Sunday, 8 July 2012

SQL Azure performance optimization

Database tuning is continuous and iterative process. It involves identifying the bottlenecks, find their cause, apply resolution and check if resolution works as expected.  QL Azure is same database engine as on premises SQL Server, most of the things apply equally on SQL Azure as well.

In order to make use of tools like SQL profiler it is always good idea to create and perform initial optimization using on premises instance and later move to SQL Azure. It might save a lot of time and cost.
It is always good idea to create performance baseline before starting up performance optimization task to measure the effectiveness of optimization.

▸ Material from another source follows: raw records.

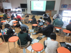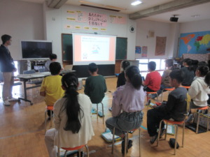 はじめに、車ができるまでの工程をスライドで分かりやすく教えていただきました。便利で豊かな生活を支える企業側の工夫や、環境にやさしい車づくりへの取組から環境を守る大切さを学びました。
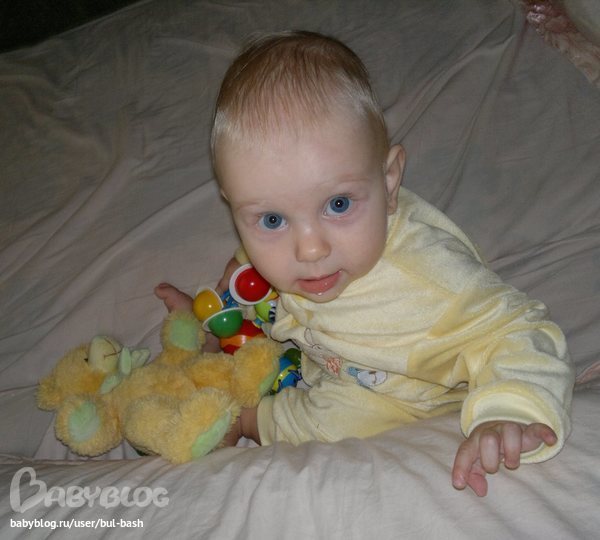 Научился вставать на колени, держась за борт и передвигаться так)) А ЕЩЕ, новая забава - мячик гоняем взад назад руками и ржем, я ему, он мне, и т.д. по кругу))
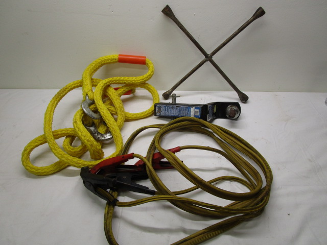 Reese towpower hitch with 2 inch ball, 3 and 1/4 inch drop, heavy duty tow nylon cable, cross lug nut wrench and jumper cables. Collection of tools are in very good usable condition, please preview.
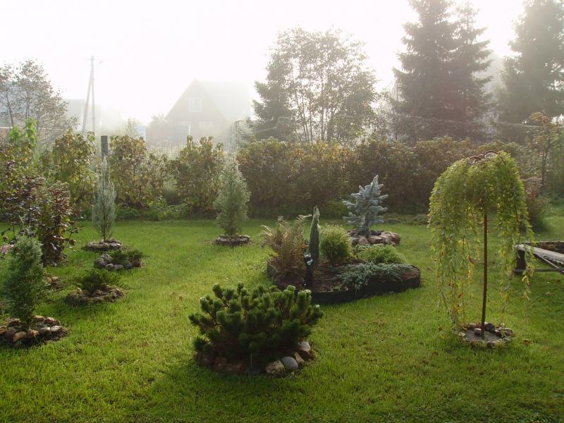 Утренний туман в молодом хвойном садике
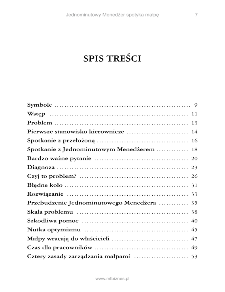 Jednominutowy Menedżer spotyka małpę 7 Spis treści Symbole .. . . . . . . . . . . . . . . . . . . . . . . . . . . . . . . . . . . . . . . . . . . . . . . . . . . . . . . 9 Wstęp . . . . . . . . . . . . . . . . . . . . . . . . . . . . . . . . . . . . . . . . . . . . . . . . . . . . . . . . . 11 Problem . . . . . . . . . . . . . . . . . . . . . . . . . . . . . . . . . . . . . . . . . . . . . . . . . . . . . . 13 Pierwsze stanowisko kierownicze .. . . . . . . . . . . . . . . . . . . . . . . . . 14 Spotkanie z przełożoną . . . . . . . . . . . . . . . . . . . . . . . . . . . . . . . . . . . . . 16 Spotkanie z Jednominutowym Menedżerem . . . . . . . . . . . . . 18 Bardzo ważne pytanie .. . . . . . . . . . . . . . . . . . . . . . . . . . . . . . . . . . . . . . 20 Diagnoza . . . . . . . . . . . . . . . . . . . . . . . . . . . . . . . . . . . . . . . . . . . . . . . . . . . . . 23 Czyj to problem? .. . . . . . . . . . . . . . . . . . . . . . . . . . . . . . . . . . . . . . . . . . . . 26 Błędne koło . . . . . . . . . . . . . . . . . . . . . . . . . . . . . . . . . . . . . . . . . . . . . . . . . . 31 Rozwiązanie .. . . . . . . . . . . . . . . . . . . . . . . . . . . . . . . . . . . . . . . . . . . . . . . . . 33 Przebudzenie Jednominutowego Menedżera .. . . . . . . . . . . . 35 Skala problemu .. . . . . . . . . . . . . . . . . . . . . . . . . . . . . . . . . . . . . . . . . . . . . 38 Szkodliwa pomoc .. . . . . . . . . . . . . . . . . . . . . . . . . . . . . . . . . . . . . . . . . . . 40 Nutka optymizmu .. . . . . . . . . . . . . . . . . . . . . . . . . . . . . . . . . . . . . . . . . . 45 Małpy wracają do właścicieli . . . . . . . . . . . . . . . . . . . . . . . . . . . . . . . 47 Czas dla pracowników . . . . . . . . . . . . . . . . . . . . . . . . . . . . . . . . . . . . . . 49 Cztery zasady zarządzania małpami .. . . . . . . . . . . . . . . . . . . . . . 53 www.mtbiznes.pl 8 Jednominutowy Menedżer spotyka małpę Zasada 1. Opis .. . . . . . . . . . . . . . . . . . . . . . . . . . . . . . . . . . . . . . . . . . . . . . 56 Zasada 2. Właściciel .. . . . . . . . . . . . . . . . . . . . . . . . . . . . . . . . . . . . . . . . 61 Zasada 3. Polisa ubezpieczeniowa .. . . . . . . . . . . . . . . . . . . . . . . . 70 Zasada 4. Karmienie i kontrola .. . . . . . . . . . . . . . . . . . . . . . . . . . . 78 Delegowanie uprawnień .. . . . . . . . . . . . . . . . . . . . . . . . . . . . . . . . . . . 84 Szkolenie pracowników .. . . . . . . . . . . . . . . . . . . . . . . . . . . . . . . . . . . . 88 Trzy rodzaje czasu w organizacji .. . . . . . . . . . . . . . . . . . . . . . . . . . 96 Czas przełożonego .. . . . . . . . . . . . . . . . . . . . . . . . . . . . . . . . . . . . . . . . . . 98 Czas systemowy .. . . . . . . . . . . . . . . . . . . . . . . . . . . . . . . . . . . . . . . . . . . . 102 Własny czas . . . . . . . . . . . . . . . . . . . . . . . . . . . . . . . . . . . . . . . . . . . . . . . . . 105 Czas dyskrecjonalny .. . . . . . . . . . . . . . . . . . . . . . . . . . . . . . . . . . . . . . . 106 Zarządzanie małpami kluczem do sukcesu .. . . . . . . . . . . . . 109 Generowanie czasu dyskrecjonalnego .. . . . . . . . . . . . . . . . . . . 110 Sztuka zarządzania . . . . . . . . . . . . . . . . . . . . . . . . . . . . . . . . . . . . . . . . . 113 Wielka przemiana . . . . . . . . . . . . . . . . . . . . . . . . . . . . . . . . . . . . . . . . . . 115 Podziękowania .. . . . . . . . . . . . . . . . . . . . . . . . . . . . . . . . . . . . . . . . . . . . . 118 O autorach . . . . . . . . . . . . . . . . . . . . . . . . . . . . . . . . . . . . . . . . . . . . . . . . . . 120 Dostępne usługi . . . . . . . . . . . . . . . . . . . . . . . . . . . . . . . . . . . . . . . . . . . . 123 www.mtbiznes.pl Jednominutowy Menedżer spotyka małpę 9 Symbole Symbol Jednominutowego Menedżera – cyfry wyrażające jedną minutę na wyświetlaczu nowoczesnego zegara cyfrowego – ma przypominać każdemu z nas, abyśmy codziennie poświęcili minutę, by przyjrzeć się twarzom ludzi, którymi kierujemy. I abyśmy uświadomili sobie, że to oni są naszymi najcenniejszymi zasobami. Symbol Małpiego Menedżera – wyczerpany menedżer, otoczony przez stado małp – ma nam przypominać, że powinniśmy się skupiać wyłącznie na najważniejszych aspektach zarządzania, zamiast „jak najefektywniej realizować zadania, które w ogóle nie powinny być realizowane”. www.mtbiznes.pl Jednominutowy Menedżer spotyka małpę 11 Wstęp Ponad trzydzieści lat temu poznałem naprawdę niezwykłego człowieka. Nazywał się Bill Oncken. Wszystko zaczęło się od artykułu Managing Management Time – Who’s Got The Monkey?, który Bill (wraz z Donaldem Wassem) opublikował w „Harvard Business Review”. Pracowałem wówczas jako wykładowca na Uniwersytecie Massachusetts. Zgodnie z teorią Billa byłem więc typowym, przepełnionym altruizmem intelektualistą, wierzącym, że jego powołaniem jest pomaganie wszystkim naokoło. Mój przyjaciel miał na to nawet specjalny termin – „kolekcjoner małp”. Kilka lat później wziąłem udział w jednym z prowadzonych przez Billa wykładów z cyklu „Zarządzanie czasem dla menedżerów”. Kiedy opisywał kolejne problemy napotykane w pracy na tym stanowisku, słuchacze co chwila wybuchali śmiechem. Nic innego nam nie pozostało, ponieważ mężczyznom nie wypada publicznie płakać. Skąd taka emocjonalna reakcja? Otóż Bill, jak nikt inny, potrafił wychwycić i celnie podsumować realia amerykańskiego świata biznesu. Bill nauczył mnie, że aby komuś pomóc, należy dać mu wędkę, a nie rybę. Wyręczanie ludzi w rozwiązywaniu problemów uczy ich bezradności i na dłuższą metę może tylko zaszkodzić. Kiedy więc Hal Burrows (długoletni wspólnik i kierownik firmy William Oncken Company oraz współtwórca cyklu „Zarząwww.mtbiznes.pl 12 Jednominutowy Menedżer spotyka małpę dzanie czasem dla menedżerów”) z
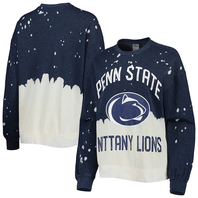 Women's Gameday Couture Navy Penn State Nittany Lions Twice As Nice Faded Dip-Dye Pullover Long Sleeve Top

For on premises database we focus on various areas as listed below.
1) Database design
2) Query design
3) Configuration setting
4) Hardware and software administration.
5) Database backup

In case of windows azure apart from first two items, other have become less relevant for performance tuning. These first two points are the area where best results are achieved in performance tuning . Which is also shown in figure below.



1) Database design:- Following is checklist for database design for better performance

a) Database design start with applying normalization and create highly normalized databases. These databases are good for write performance. Once we are done with normalization and ready for performance optimization phase, de normalization is applied appropriately to improve the performance.
b) Separate OLAP (Online Analytical processing ) and OLTP( Online transaction processing workloads.
c) Apply entity integrity constraints – this enable optimizer to come up with better query plans.
d) Apply domain and referential integrity constraints – similar to above it helps query optimizer.
e) Choose appropriate data type.
f) Use indexed views in de-normalization.

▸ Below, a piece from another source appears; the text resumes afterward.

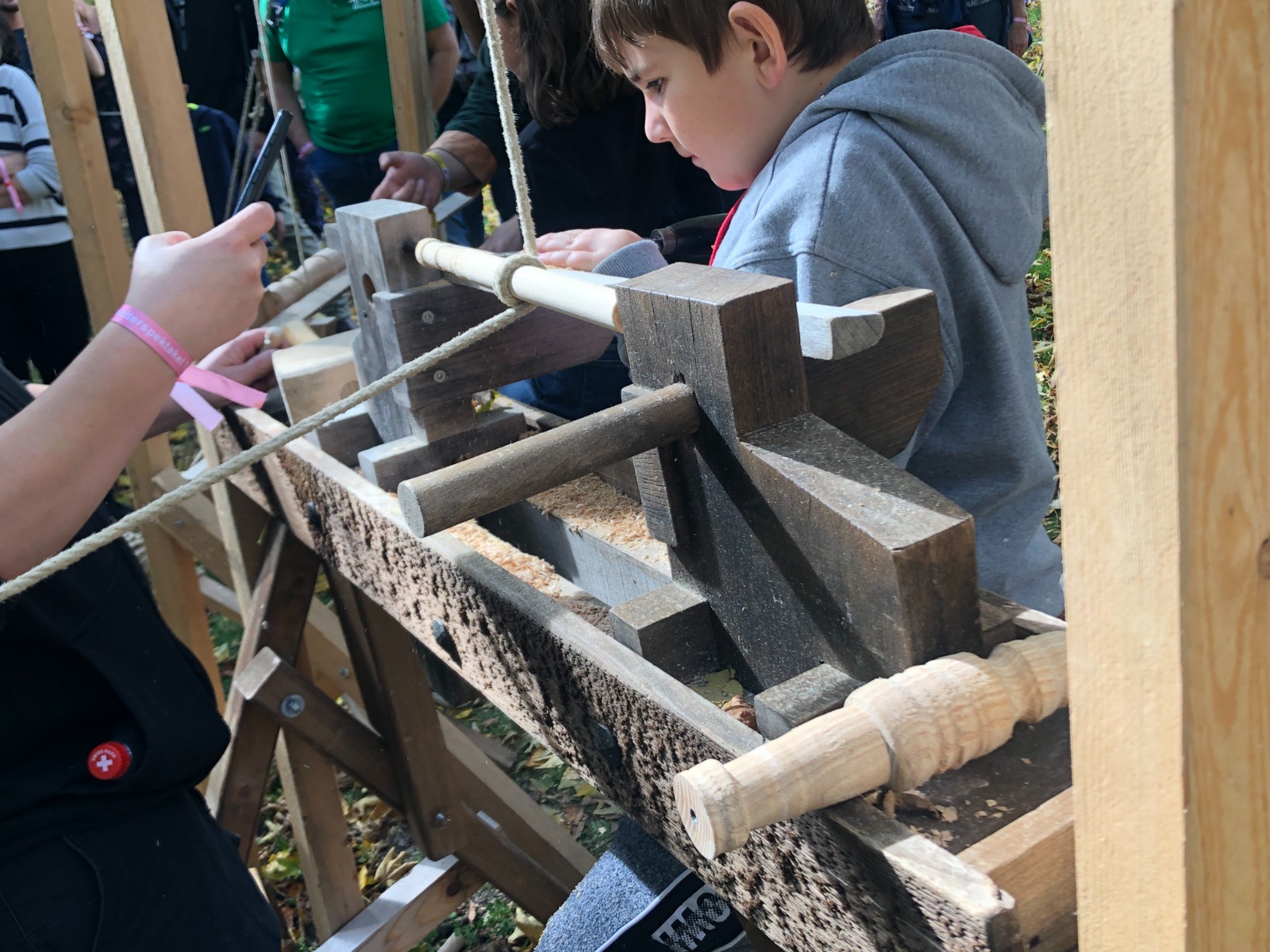Manche junge Waffenträgerin und zahlreiche kleine Knappen durften ihren ersten Schwertstreich ausführen. Aber auch Einblick in verschiedene alte Handwerke wurde geboten. Und nicht selten staunte man, dass wir auch vieles ohne motorisierte Maschinen könnten. Etwa Drechseln mit einer Drehbank mit Fusspedal.

g)      Create indexes and follow index best practices : -

I.            Use narrow column for indexes.
II.            Use columns with high selectivity for indexes.
III.            For composite index use leading column with high selectivity.
IV.            Design indexes based on the where clause in queries.
V.            Use index covering with include clause.
VI.            Create clustered index very carefully since every non clustered indexes are based on the clustered index.

2) Query Design :- Following is a list of various items which should be kept in mind while designing queries.

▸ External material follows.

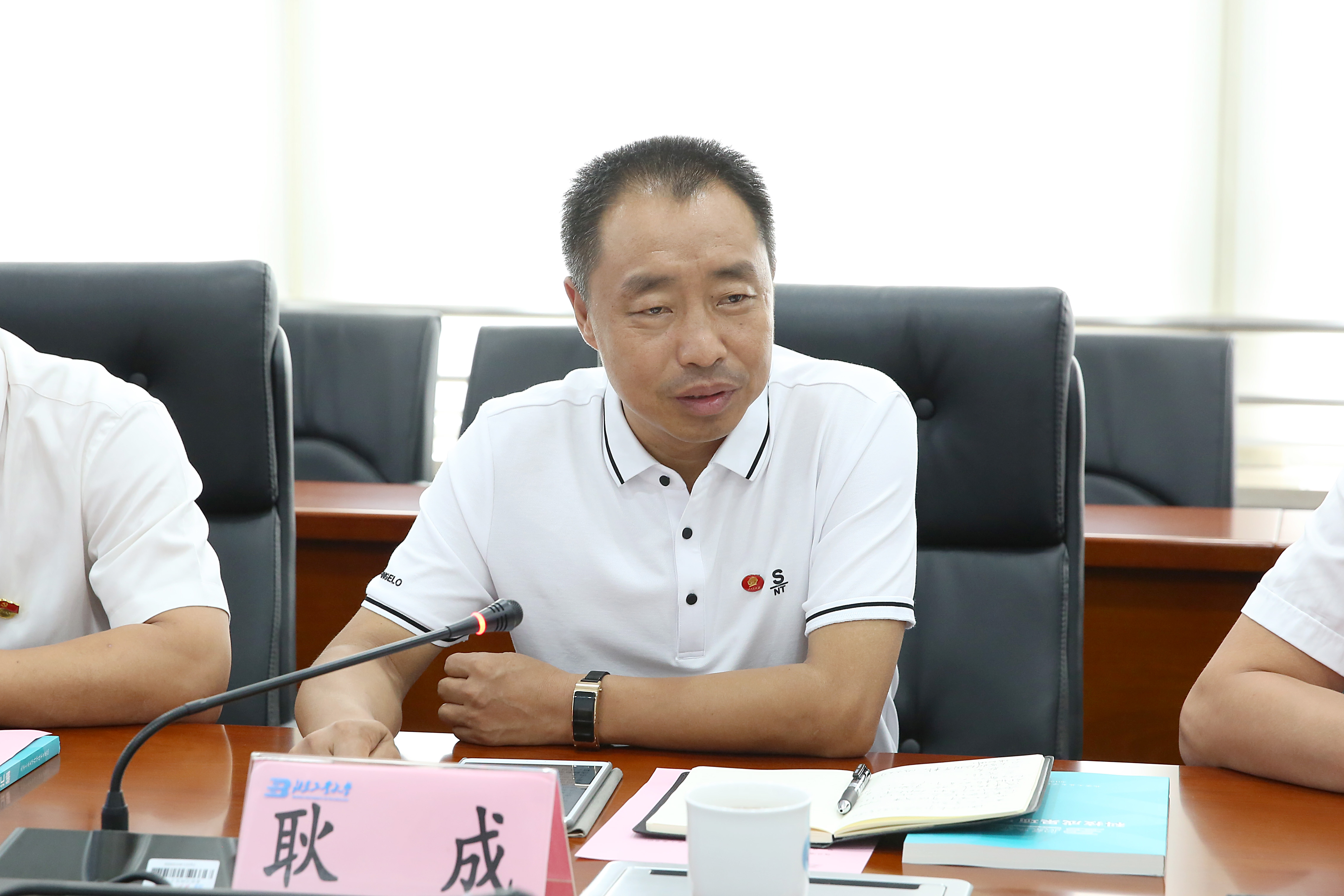 乌兰浩特市开发区党工委书记、管委会主任耿成在座谈会上和校方交流

a)      Avoid arithmetic operator and functions in where clause.
b)      Ensure no implicit type conversions.
c)       Adopt best practices for reusing the execution plans.
d)      Adopt best practices for database transactions.
e)      Eliminate or reduce overhead of  database cursors.
f)       Evaluate alternate to temp tables.

Above guide lines should help to stay streamlined.



Inspecting execution plan and statistics


This article is Part 1 of the “Tuning SQL Azure database” series. The scope of this article is to explain how to improve the performance of SQL Azure database by inspecting the execution plan and statistics. The next article will explain how to improve SQL Azure database performance by using information from dynamic management views.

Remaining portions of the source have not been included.